簡単に言うと、TOKOが言いたかったことは、横浜で自分を脅かすほどのより良いケーキを探求していた希の心が輪島の8年で錆びついてしまっている、ということでした。

陶子は、TOKOになって希に再会するまでの8年間に、フランスに修行に行くなどして、人生の全てをフランス菓子に注ぎ込んできたようです。そんなTOKOから見た希は、恋人と結婚をして、2人の子供に恵まれ、お店も地元の人に愛され、子育てが一段落したからコンクールに出場してパティシエとしてキャリアを築いてみようかな、と簡単に全てを手に入れようとしていて、人生ナメていると映っているみたいです。

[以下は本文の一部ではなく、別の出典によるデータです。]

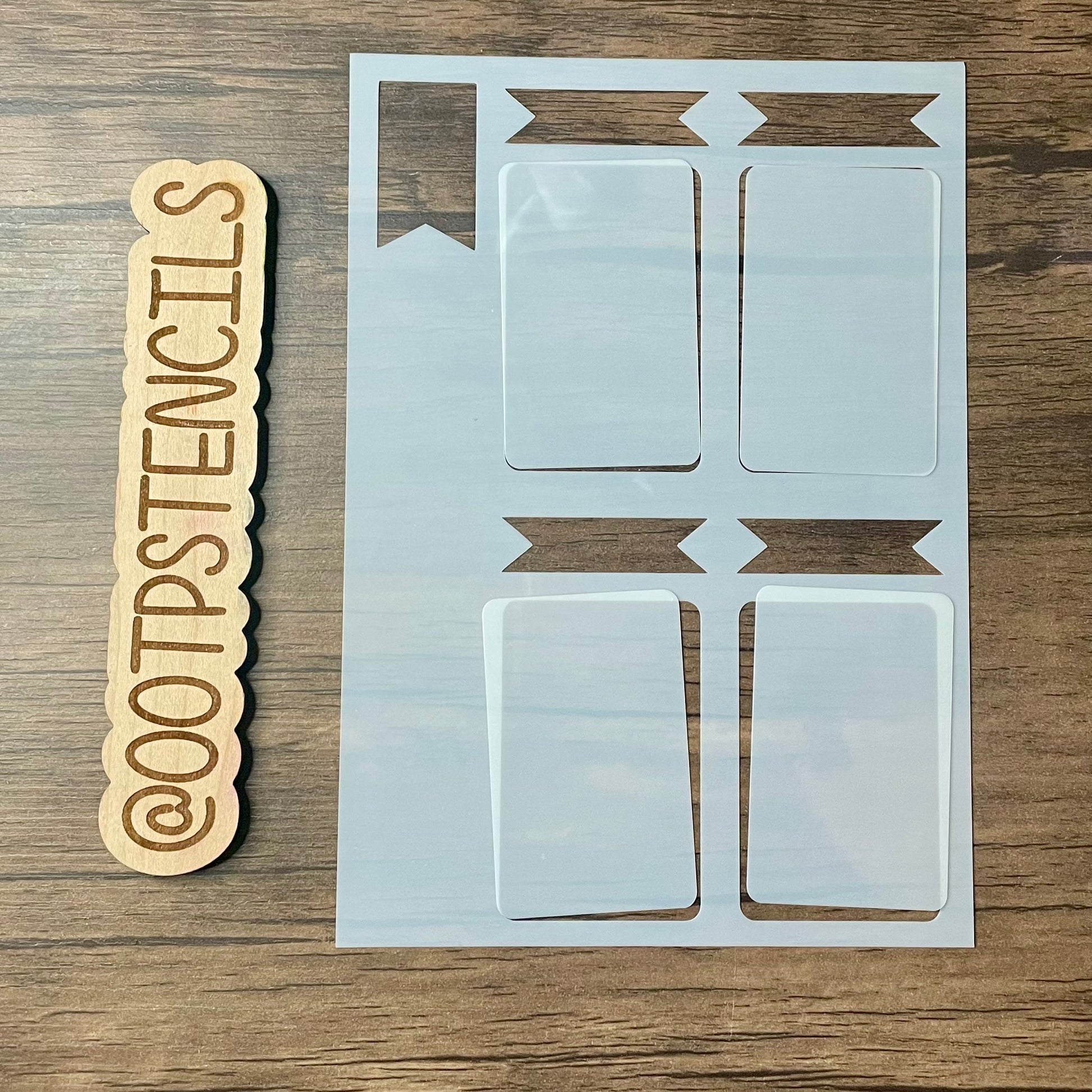 Custom Stencils are available.**All Stencils are made with a flexible plastic material. They are re-useable and washable (light soap and water or just water will take care of most media) with most materials. Some materials may slightly stain the plastic, though this should only be a cosmetic issue, not a functional issue.**

希の師匠である池畑大悟(小日向文世)も以前、TOKOと同じようなことを言っていた気がします。世界一のパティシエになるためには人生全てを賭ける覚悟が必要、みたいなことを。今後は希は輪島での8年間がパティシエとしても無駄ではなかったことを、TOKOに証明することになるのだと思います。TOKOの言う、女としての幸せとパティシエとしての幸せの両方を手に入れるのでしょう。たぶん。

ただ、「プチ・ソルシエール」の商品は、最初は横浜の高級路線をそのままにしたことで地元の人に受け入れられず、地元に擦り寄る形で分かりやすく、安い品にシフトしていきましたが、でもマルジョレーヌに関してはそうではなく、自分のこだわりを通した、高い技術が必要な高級路線のケーキのままだったような……。それなのに、マルジョレーヌがTOKOに希の感性が錆びついたことの証かのような扱いを受けてしまっているのは、私にはちょっと理解できなかったです。

また、TOKOが希に以前の優勝者のケーキを作って食べてみたのか?と聞いていましたけど、これまでも希は他人のケーキを作って食べてみた経験は、ドラマの作中ではおそらく一度も出てこなかったと思います。記憶違いがあるかもしれませんけど。横浜にいたときの希なら当然していた、的な表現をTOKOはしていましたが……希はいつからそういう研究熱心な女の子設定になったのでしょうか。試食していたとすれば、上京してフランス菓子の修行をするに当って、「マ・シェリ・シュ・シュ」を始め色々な店の品を購入して食べ比べていたところくらいだったはずです。

大悟から、希には美的センスがない、ということでフランス修行を勧められていましたから、そもそも技術よりも美的センスが劣っているパティシエであったはずで、他の、特に味覚に関しては鋭いというのが横浜での希でしたよね。それも8年間で衰えてしまっていたのでしょうか。能登の良い食材を使っていても味覚が衰えるということがあり得るのかは私には分かりませんけれども。